Le mani spezzate di Helmuth Duckadam: l'eroe maledetto

La storia del momento più alto della carriera di un grande portiere interrotta per un capriccio dittatoriale
 di Andrea Lizzano   Vedi letture

"La gioia di vedere Yuri Gagarin nello spazio è superata solo dall'ebbrezza di un rigore parato!".

Questa famosa citazione del portiere sovietico Lev Yashin, per molti il migliore esponente di questo ruolo della storia del calcio, fa capire quanto sia elettrizzante l'emozione di parare un rigore durante una partita.

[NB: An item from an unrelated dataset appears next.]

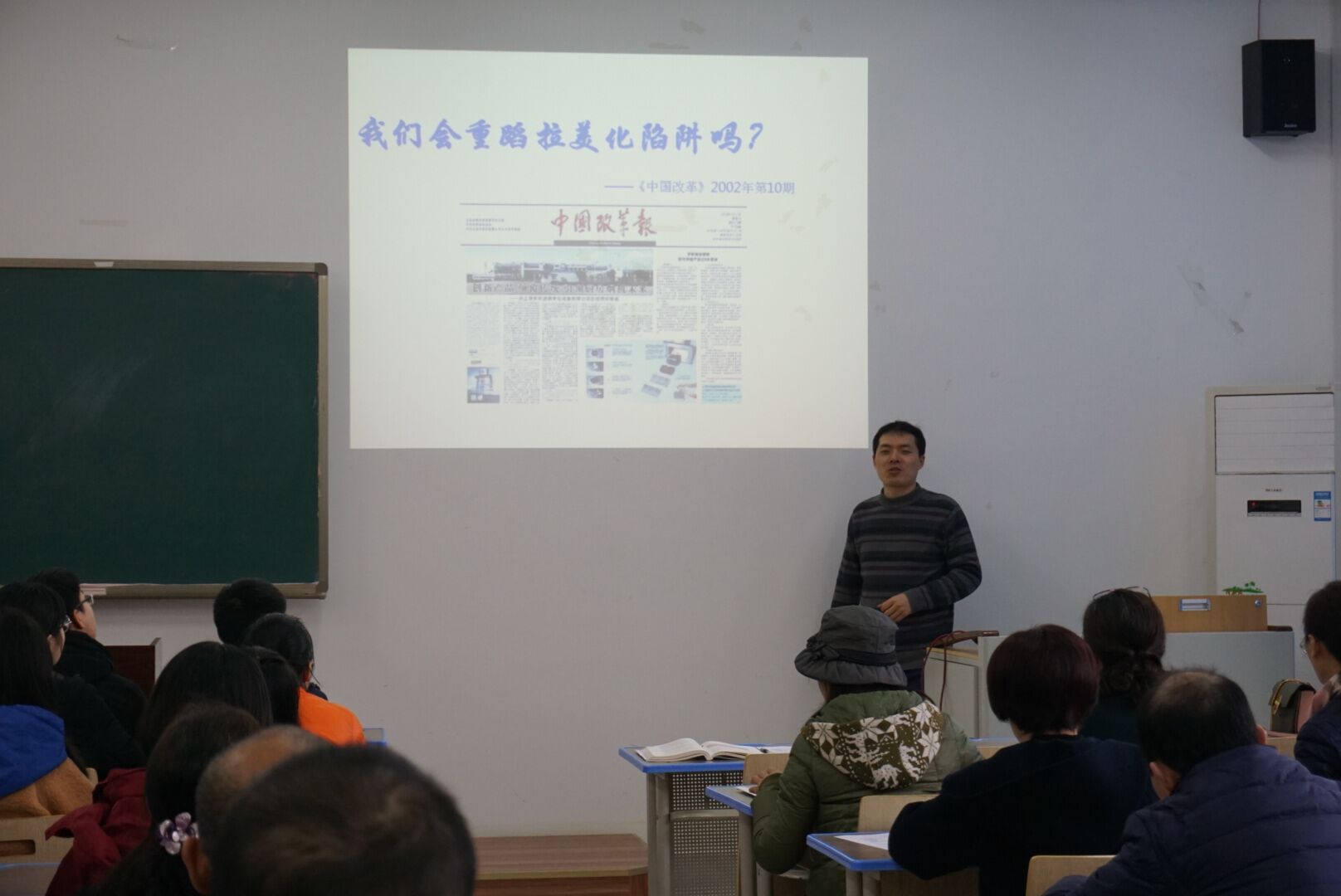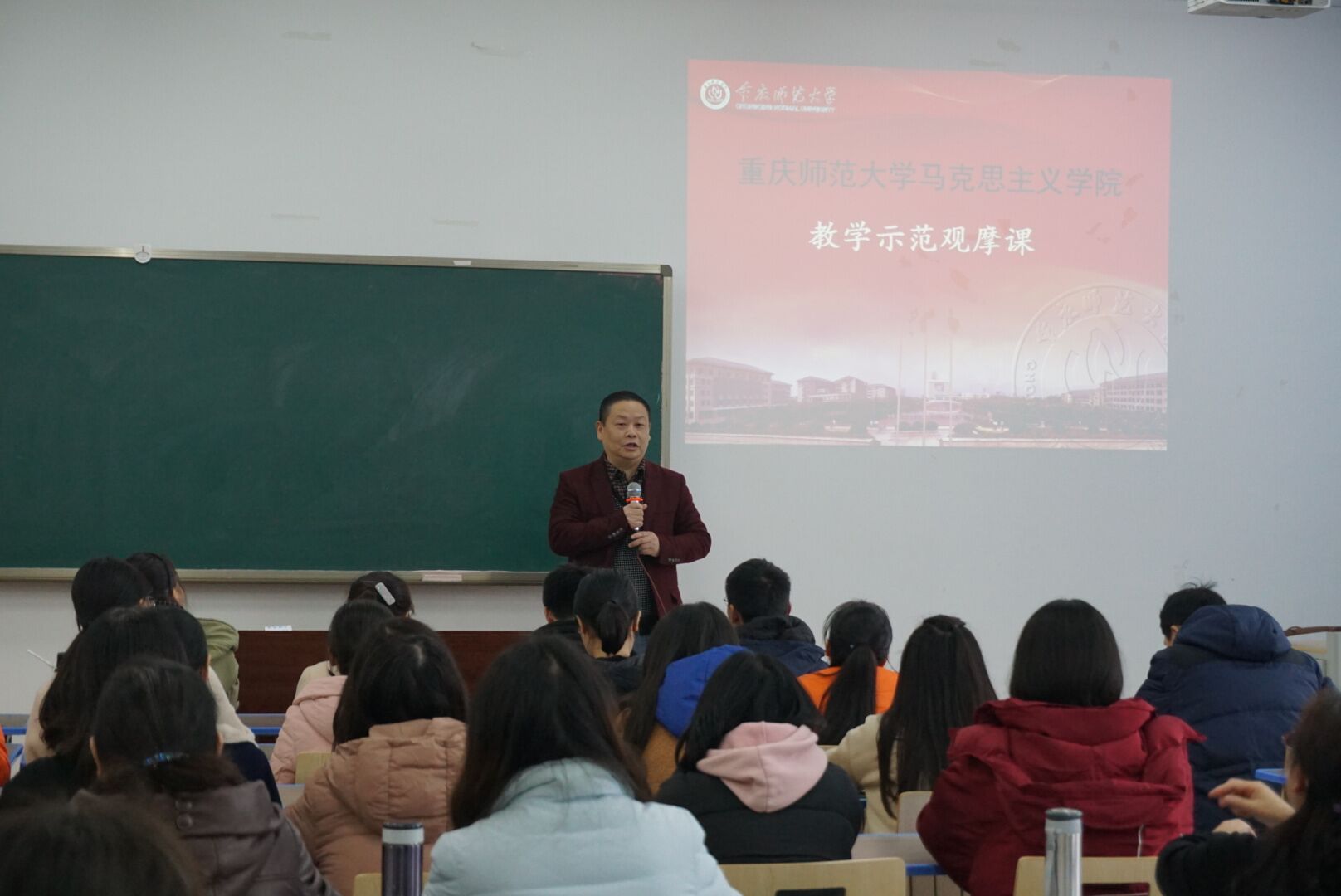 在教学示范观摩课环节,杜红博士讲授了《马克思主义基本原理概论》课“科学技术在社会发展中的作用”小节,她思维清晰、语言流畅,课程兼顾思想性、逻辑性和直观性。沈乾飞博士讲授了《毛泽东思想和中国特色社会主义理论体系概论概论》课“贯彻新发展理念”小节,由问题导入,激发学生积极思考,引经据典,详略得当。两位老师精心选题,深入钻研教材,研究教学方法,遵循新理念,采用现代教育技术,以培养学生学习能力为目标,注重对学生进行价值引导。

Molto probabilmente le stesse sensazioni le provò l'ex portiere della Steaua Bucarest Helmuth Robert Duckadam. Era il 7 maggio del 1986 e allo stadio Ramón Sánchez-Pizjuán si disputava la finale di Coppa dei Campioni tra la Steaua e il Barcellona. Dopo 120 minuti le porte rimasero inviolate e si dovette andare alla spietata lotteria dei rigori. Proprio in questo momento il protagonista di questa fantastica vicenda calcistica prese in mano la situazione. L'atmosfera era ostile per i giocatori rumeni poichè lo stadio era completamente blaugrana,ma Duckadam non badò al pubblico spagnolo che alle sue spalle lo insultava e si mise sulla linea di porta con una calma "olimpica" pronto a sfidare i rigoristi del Barcellona. Sul dischetto si presentarono Alexandro, Pedraza, Pichi Alonso e Marcos Alonso Pena, ma nessuno di questi quattro trafisse Duckadam che neutralizzò tutti i penalty. La Steaua si laureò campione d'Europa contro ogni pronostico della vigilia e l'eccezionale performance del portiere rumeno impressionò i giornalisti di tutto il mondo,tanto che il quotidiano italiano “Corriere dello Sport” scrisse in prima pagina "Superman è rumeno". Rientrato in patria venne soprannominato "Eroul de la Sevilla", cioè l'eroe di Siviglia e molti tra i più forti club d'Europa si fecero avanti per ingaggiarlo. Purtroppo la sua carriera raggiunse l'apice proprio in quella magica serata spagnola. Infatti il Real Madrid regalò a Duckadam una Mercedes per aver sconfitto gli arcirivali catalani, ma la vettura per sua sfortuna diventò un pretesto per un'aspra disputa con il figlio del dittatore Nicolae Ceaușescu, Valentin. Il portiere si rifiutò di donare la macchina a Valentin,che per vendetta avrebbe ordinato ad alcuni agenti della Securitate (la polizia segreta del regime) di spezzare le mani di Duckadam.Secondo la versione ufficiale Duckadam sarebbe stato colto da trombosi alle mani, rendendogli precario il prosieguo dell'attività calcistica. Infatti nel 2007 egli smentì la storia della spedizione punitiva, ma rimangono ancora alcuni dubbi.

Fino a poco tempo fa Helmuth è stato presidente del club a cui ha donato la migliore parte della sua carriera regalandogli una Coppa dei Campioni e può vantare il fatto di essere un vero eroe della patria(e sempre lo sarà) agli occhi dei suoi tifosi.